[Task prompt]
Using the data below, transcribe exactly everything from the line that contains "北京市气象台2026年3月4" down to the line that contains "While the vegetables". Include both of those lines and none of the pictures.

[Given data]
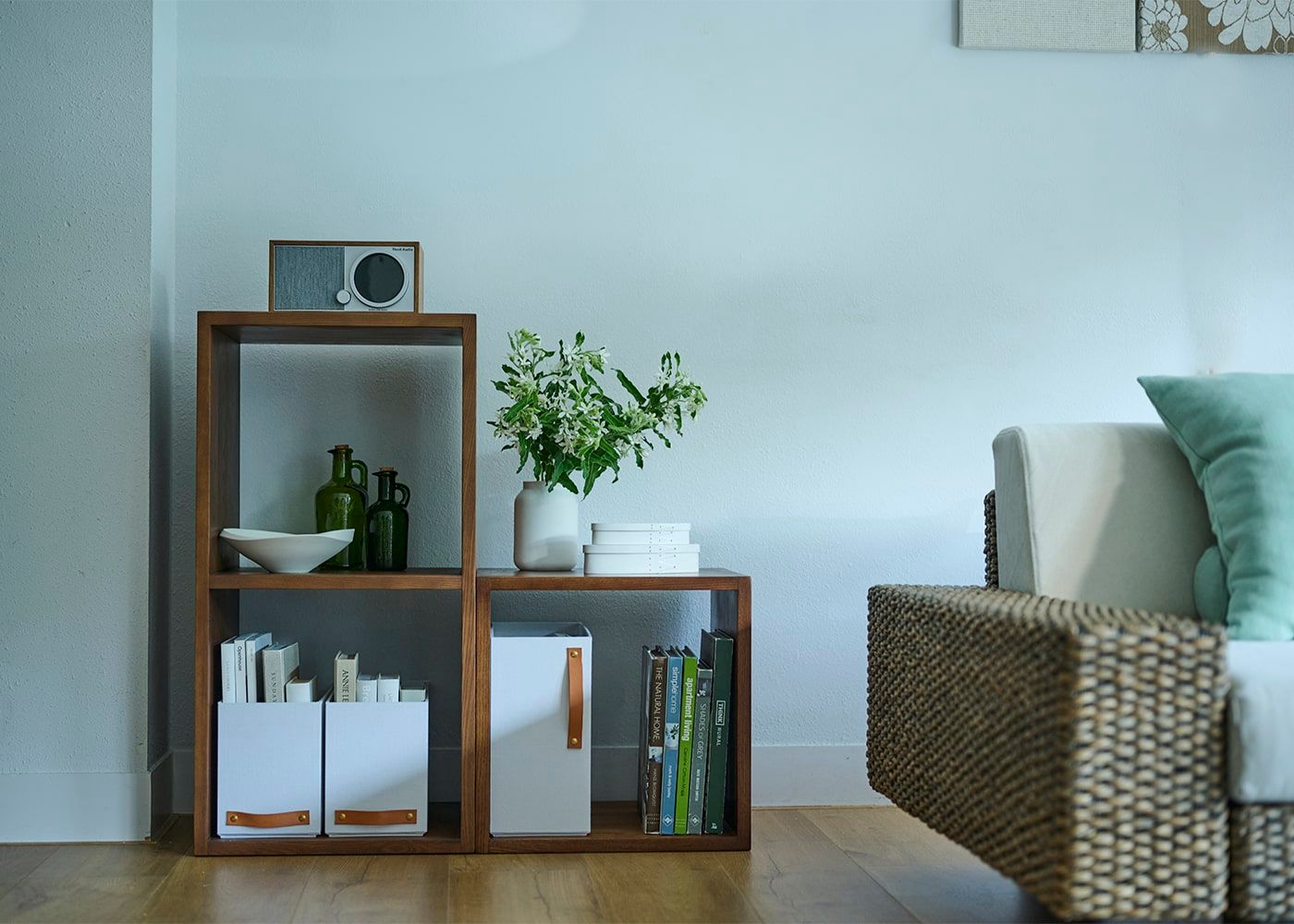 統一されたモジュールにより、収納棚の組み合わせ次第で自分に合ったサイズやデザインの収納棚が作れます。ライフスタイルに合わせて自由に形を変えて長く使い続けられる収納シリーズです。(写真は一例です)
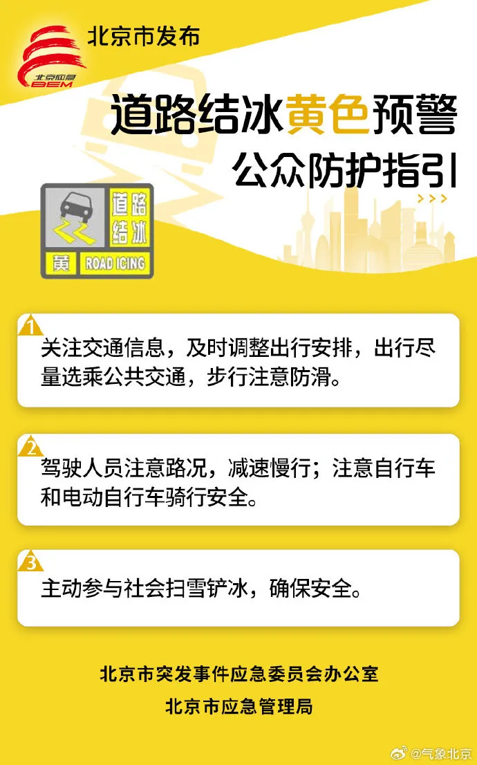 北京市气象台2026年3月4日10时45分发布道路结冰黄色预警信号:至5日白天本市有降雪天气,因地表温度低于0℃,部分地区将出现道路结冰,请注意交通安全。
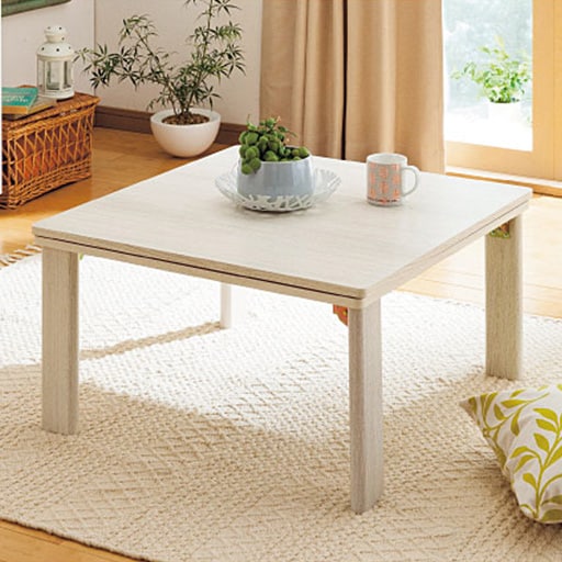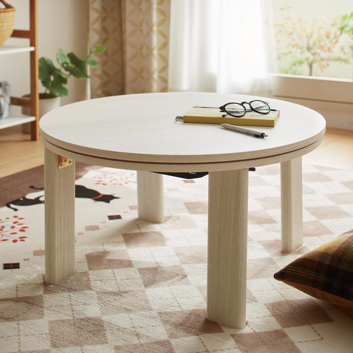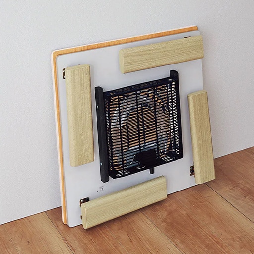 こたつの出しっぱなしは嫌、違う部屋でも使いたい、という方にもおすすめな折りたたみ式。天板はホワイトとナチュラルのリバーシブルで楽しめます。
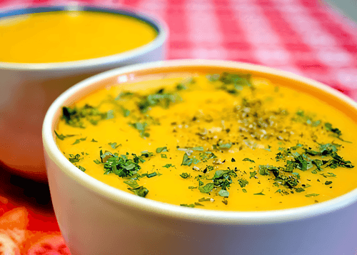 While the vegetables are boiling, grate the cheese. When everything is ready, blend the soup until smooth, season with salt and pepper, and pour into a bowl or plate. Add a tablespoon of boiled rice on top and sprinkle with grated cheese and herbs.
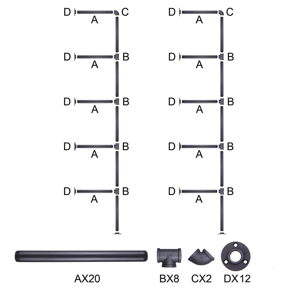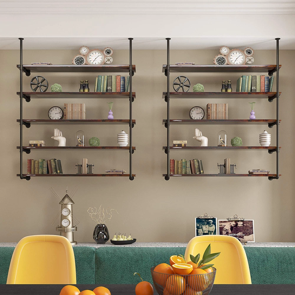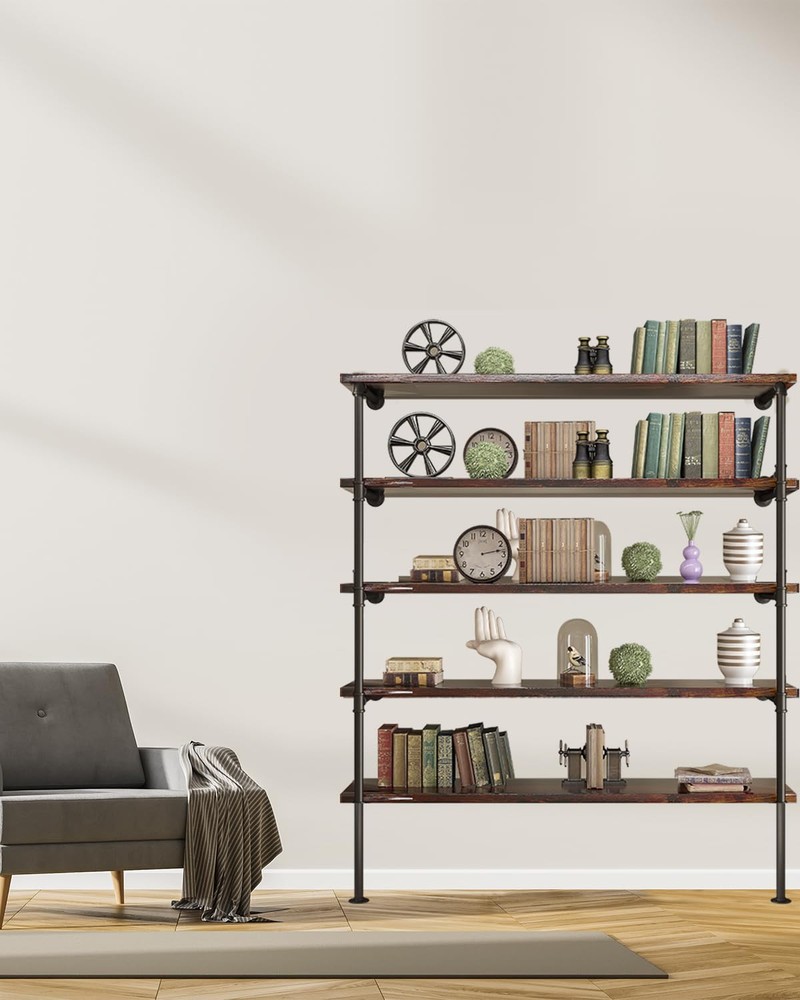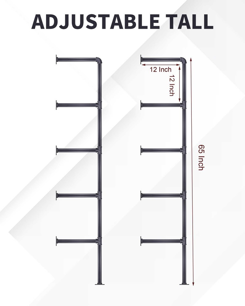 STYLISH CONTEMPORARY DESIGN - Our wall-mounted pipe shelf has a contemporary design with its unique look and build. These vintage bookshelf brackets make your wall look more spacious. SPACE-SAVING STORAGE SOLUTION - This pipe shelf brackets won’t take any floor space. It’s perfect for small spaces and tiny nooks. Now you can have a mess-free home or workplace! DIY OPEN SHELVING MADE SIMPLE - Easily set up a 5-tier pipe shelving brackets. Our kit is complete with 20 cast iron pipes, 12flanges, 8 tees, and 2 elbows. Wood planks are NOT included BUILT TO LAST - Made of 100% iron, our brackets are stable and extremely sturdy. These iron pipe shelves are built to stand the test of time! No need to deal with costly repairs or replacements. SEVERAL WAYS TO USE IT - This iron pipe shelf bracket set isn't just a bookcase. Use it as pantry storage, living room display, open cabinet, or bathroom towel holder. Showcase your personality!

[Response to the exercise]
 北京市气象台2026年3月4日10时45分发布道路结冰黄色预警信号:至5日白天本市有降雪天气,因地表温度低于0℃,部分地区将出现道路结冰,请注意交通安全。
 こたつの出しっぱなしは嫌、違う部屋でも使いたい、という方にもおすすめな折りたたみ式。天板はホワイトとナチュラルのリバーシブルで楽しめます。
 While the vegetables are boiling, grate the cheese. When everything is ready, blend the soup until smooth, season with salt and pepper, and pour into a bowl or plate. Add a tablespoon of boiled rice on top and sprinkle with grated cheese and herbs.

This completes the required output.